Evergrande Raises $9.05 Billion for Unit’s Backdoor Listing
China Evergrande Group said six parties have agreed to invest 60 billion yuan ($9.05 billion) in its Hengda Real Estate subsidiary as the unit conducts a third fundraising round as part of its plan for a backdoor listing.
Evergrande’s spinoff of the unit is part of a broader campaign among offshore-listed Chinese companies that are returning home to list in search of higher valuations. Many of those have privatized from exchanges in New York and Hong Kong to relist at home, while some, like Evergrande, have chosen instead to list some of their largest subsidiaries in China.
The latest fundraising will see four new investors join two others who have previously invested in Hengda, according to an Evergrande announcement filed on Monday to the Hong Kong Stock Exchange. The six investors will get about 14% of the new Hengda Real Estate when the backdoor listing on the Shenzhen Stock Exchange is complete.
Among those, the biggest new investor is Suning Electrical Appliances Group Co. Ltd., a subsidiary of electronics retailing giant Suning Holdings Group, which will contribute 20 billion yuan for 4.7% of Hengda, Evergrande said. Another group of previous investors from northeast China’s Shandong province will provide another 20 billion yuan.

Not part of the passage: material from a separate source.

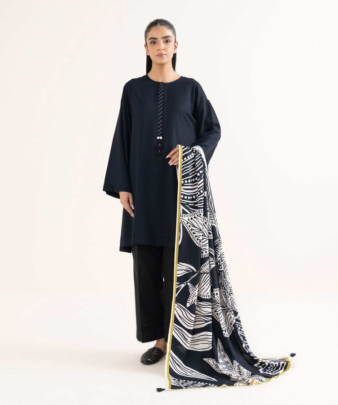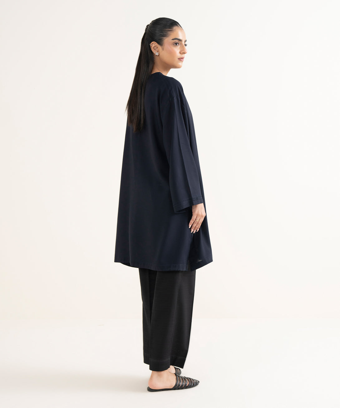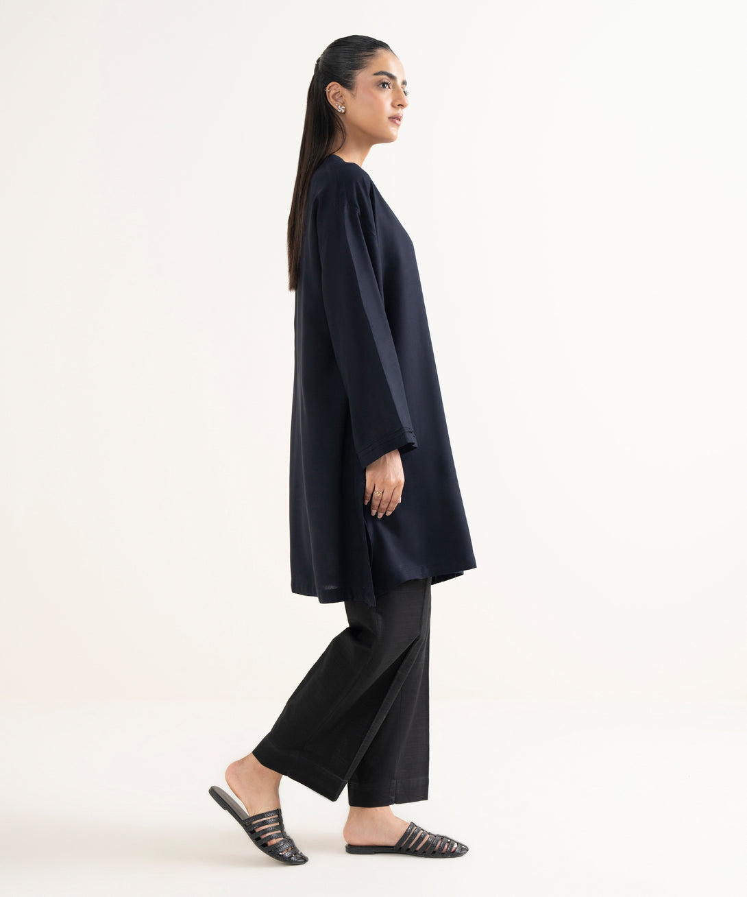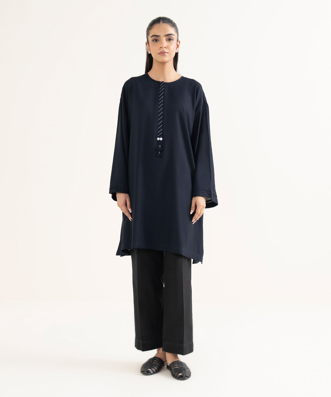 Dyed With Top Stitch Front Panel, Dyed Back Panel, Round With Placket Neckline, Full Sleeves, Short Length

New investors Shenzhen Amer, Guangzhou Yehoo and Ding Xiang Sichuan will each receive about 1.2% in the new Hengda for separate 5 billion yuan investments; and previous investor Jiayu will provide another 5 billion, bringing its total holdings to 1.8%. As part of the latest deal, Evergrande said it has guaranteed that Hengda’s net profit, excluding nonrecurring items, will be at least 50 billion yuan, 55 billion yuan and 60 billion yuan for the three financial years of 2018, 2019 and 2020 respectively.
Following completion of the latest funding round, the new Hengda will be 36.5% owned by outside investors, who have contributed a total of 130 billion yuan over the three funding rounds.
One of Evergrande’s units will remain as Hengda’s largest stakeholder with 63.5% of the newly listed company.
Contact reporter Yang Ge (email@example.com)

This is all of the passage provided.